Manish Mehta, a project manager at the government of the Region of Peel (which covers a huge chunk of the bedroom communities north and west of Toronto, about 1.2 million people in urban and rural areas), gave a presentation on implementing process management at Peel.

For them, process management was part of their quality management, which already included ISO and some other quality programs. They wanted to strengthen corporate thinking, reduce their silo departmental focus, increase alignment and connection, and measure employee and client satisfaction.

The steps in their process management project were as follows:

  • Phase 1: develop standard terms, definitions and symbols
  • Phase 2: provide process management training, and develop a process management framework
  • Phase 3: develop their service improvement initiative (SII) to apply process management

As with the previous OPG talk, this was not about a BPM implementation, but about putting standard, optimized processes into place in an organization in order to not only improve service delivery, but measure it as well. Specifically, their three goals were to implement process management across the organization, to implement a consistent approach to client satisfaction measurement and management, and to develop and monitor a corporate client satisfaction rating.

They first applied this to their TransHelp program, which provides transportation for those who are unable to use public transportation, then to their waste management program; in both cases, they found that doing client satisfaction surveys identified factors that clients found important that had not been considered by the inside workers: definitely a good reason to get out there and talk to people rather than sitting in the ivory tower and deciding the best process to implement.
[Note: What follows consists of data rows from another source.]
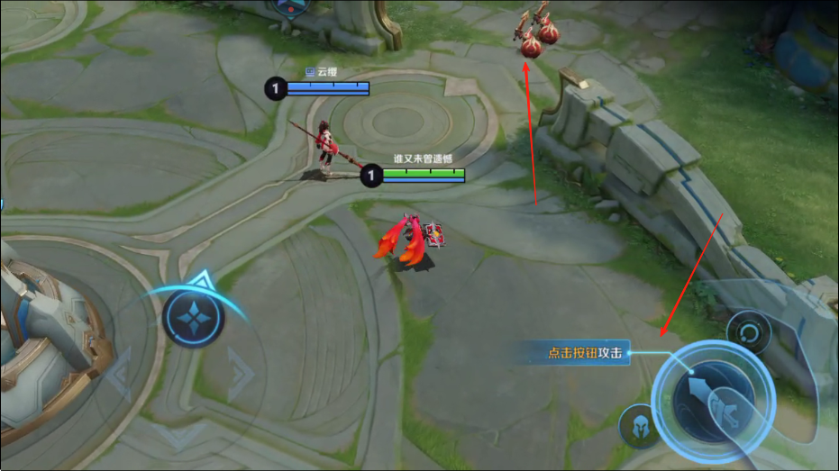 1、進(jìn)入游戲?qū)?zhàn),操控英雄移動(dòng)到兵線處,看到右側(cè)點(diǎn)擊按鈕攻擊提示,點(diǎn)擊攻擊按鈕,可對(duì)敵方小兵發(fā)起攻擊,獲取經(jīng)驗(yàn)和金幣。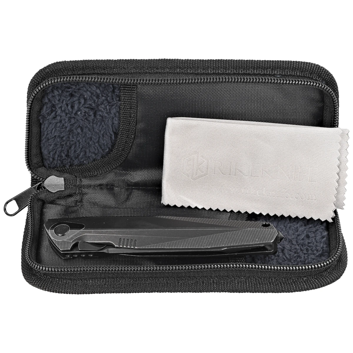 Case - the knife is packaged in a zippered nylon soft pouch with the brand's logo for securely carrying and storing the folder.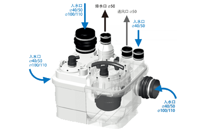 • 進(jìn)水接口:40/50MM入水口(1個(gè)); 40/50/100/110MM入水口(3個(gè))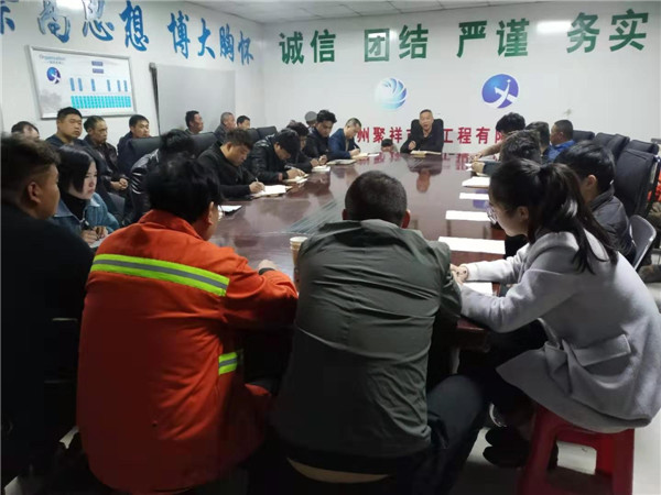 为切实落实安全施工和生产工作,2019年3月11日,聚祥市政召开了全体员工安全例会,会议由总经理宋中刚主持,集团分管领导杨总、聚祥全体员工参加。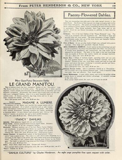 | Keywords: Everything for the garden (16203470208).jpg Fs-©sa PETEH 1ENDERSOH BL CO NEW YORli <br> 159 <br> £ <br> New Giant Fancy Decorative Dahlia <br> LE GRAND MANITOU <br> This is without doubt the best variegated Dahlia of the Decorative type <br> The flowers are from 5 to 6 inches across The ground color is white prettily <br> marbled veined striped and blotched with reddish-violet in beautiful and inde- <br> scribable variegation Occasionally this variety runs a solid color as is the case <br> with most variegated Dahlias when it is a most beautiful shade of <br> reddish-violet It blooms profusely has long stems and so is spe- <br> cially valuable for cutting See cut <br> Price field grown roots 50c each 5 00 per doz <br> SISISISllSIlSllSSlSlfflfflSSISISJSIBISSISlSlSlSISISlSllSHSlSlfflSISSlSSlSllSIS <br> 1 Paeony- Flowered Dahlias S <br> II II S S S S IS S SI SI II SI 19 SI SI H SI SI SI S II SI II S SI II II SI H II II II SI ffl II IS M CS II <br> This very interesting type adds zest to the wide spread interest in this <br> useful flower The flowers of this type are very large averaging eight inches <br> across when well grown The petals are broad and ribbon-like the center <br> shows adding an artistic charm closely resembling the semi-double Paeonies <br> in appearance They bloom profusely have long stems and so are <br> specially fitted for cut flowers decoration in addition to their value for <br> garden use <br> Germania One of the best Dahlias of the Peony Flowered type The <br> color is an extremely soft rich strawberry red The flower is large and <br> graceful with full loose petals The great abundance of large magnifi- <br> cent blossoms makes this one of the most showy and desirable Dahlias <br> Price 35c each S3 50 per doz <br> Glory of Baarn A very peculiar shade of light rose softened with pinkish <br> shadings Very large and gracefully disposed flowers <br> MRS CHARLES L SEYBOLD A new variety in this interesting type and <br> a great acquisition It is deep rose-pink edged with white very attractive <br> It blooms most abundantly and continuously has long stems and is <br> splendid for cut flowers The habit of the plant is free and branching <br> with its wealth of flowers this variety stands out amongst hundreds <br> See cut Price 35c each 3 50 per doz <br> Prairie Fire Plant of medium height spreading habit and not only <br> the most profuse bloomer of all Paeony flowered varieties but of all <br> Dahlias Flowers of fair size vivid flame scarlet and held on long stiff <br> stems well above the plant rendering it extremely graceful and decor- <br> ative and of the best for cutting <br> Price field-grown roots 35c each 3 50 per doz <br> Princess Victoria Louise This is sometimes classed as a Decorative <br> but it is really one of the Paeony flowered type Color a beautiful deep <br> rose pink clear and effective Very broad petals <br> Queen Whilhelmina A pure white variety and in this the golden yellow <br> center shows to unusual and distinct advantage A splendid contrast <br> to the other sorts <br> Price except where noted 25c each set of 6 sorts for 1 50 <br> MADAME A LUMIERE <br> FANCY <br> DECORATIVE DAHLIA <br> To admirers of the dainty and fanciful this unique variety will be <br> rapturously welcomed It is indeed a beautiful sort a soft creamy <br> white with distinct violet-crimson on the tips of the petals The latter <br> color extends downwards lessening towards the center producing <br> a charming effect A most distinct and attractive sort It is a de- <br> corative variety of medium size and a most prolific- bloomer <br> Price 35c each 3 50 per doz Field grown roots <br> FANCY DAHLIAS <br> Probably <br> Arabella Pale primrose tipped old rose and lavender <br> Frank Smith Intense purplish-black maroon tipped white <br> the most effective of all the variegated Dahlias <br> Fireworks Without question one of the best Fancy Cactus Dahlias <br> yet introduced A splendid large flower on a good stiff stem; fine <br> for cutting Ground color rick golden yellow striped and spotted <br> oriental red Price 35c each 3 50 per doz Field grown roots <br> Jeanne Charmet A magnificent variety of the broad-petaled Deco- <br> rative type; a giant in size The color is a soft silvery-pink deepening to a <br> rosy-pink on the edges of the petals the latter shade being more pronounced at <br> times The center is soft creamy-white showing more distinct as the flower <br> ages The habit is splendid long stems and fine foliage; it blooms abundantly <br> Price 35c each 3 50 per doz <br> Zebra Pearl white edged deep pink Unique and distinct <br> Price except where noted field-grown roots 20c each 2 00 per doz ; set of 5 <br> Fancy Dahlias for 1 00 <br> legBiv an ; <br> DAHLIA CULTUKE by Charles Henderson An eight page pamphlet free upon request with order 43874951 149634 78295 Page 159 Text http //www biodiversitylibrary org/page/43874951 c1915 10 5962/bhl title 78295 Henry G Gilbert Nursery and Seed Trade Catalog Collection ; Peter Henderson Co NameFound Arabella NameConfirmed Arabella EOLID 52830 NameBankID 2551431 NameFound Victoria NameConfirmed Victoria EOLID 34123 NameBankID 897688 NameFound Whilhelmina Biodiversity Heritage Library Everything for the garden 1915 Garden Stories Books Bulbs Plants Catalogs Equipment and supplies Flowers Gardening Lawn mowers Seeds U S Department of Agriculture National Agricultural Library bhl page 43874951 dc identifier http //biodiversitylibrary org/page/43874951 bhlGardenStories BHLinbloom bulbs plants u s department of agriculture national agricultural library bhlgardenstories bhlinbloom Information field Flickr posted date ISOdate 2015-01-28 Check categories 2015 August 25 CC-BY-2 0 BioDivLibrary https //flickr com/photos/61021753 N02/16203470208 2015-08-25 03 02 08 cc-by-2 0 PD-old-70-1923 Everything for the garden 1915 Photos uploaded from Flickr by Fæ using a script |

They are seeing some measurable improvements: with TransHelp, their no-show/cancel rate has dropped in half, and with waste management, their number of complaints has dropped. For process improvement work that they did with children’s services within their financial assistance area, the time to complete an application and assess eligibility dropped dramatically with the new process. Once they’d done these three pilots, they found that other areas started to come to them to ask for help in process improvement: you really need to show some successes in order to get started in a diverse organization such as a regional government. Measuring client satisfaction for regional governments is still in an early stage, and Mehta said that they were working with other government organizations to develop methods for doing this. He also showed a great public sector reference model that linked resources, processes, services and programs and how they interact with providers and clients.

They used outside facilitation for process redesign, but mostly created their own methodology and guidelines and do have some capacity for the process redesign internally. They’ve developed a fairly structured project management approach in terms of defining scope and schedules. They have discovered, not surprisingly, is that pulling subject matter experts away from their regular jobs for several days in order to do the process redesign is much more effective than trying to have people add this on to their real jobs, in spite of the grumbling that will inevitably occur when you try to get a group of people to a multi-day offsite meeting.

Something I really like about what they’ve done is to split their SII approach into three stages, depending on the state and complexity of the original process: repair (quick fixes to smaller broken processes through understanding customer needs), improvement (considering root cause analysis and piloting a solution), and design/redesign (similar to improvement but with best practices and benchmarks). They see both improvement and redesign projects as requiring a trained facilitator.

Mehta showed some private sector studies that showed that employee satisfaction leads to client satisfaction, which in turn provides even greater employee satisfaction, and client satisfaction also leads to greater profitability. Applied to the public sector, you can replace the profitability part of the equation with trust and confidence: greater customer satisfaction results in more trust in the government body and their ability to execute works on behalf of the citizens.

Off to lunch, then I’m up at the front of the room after that.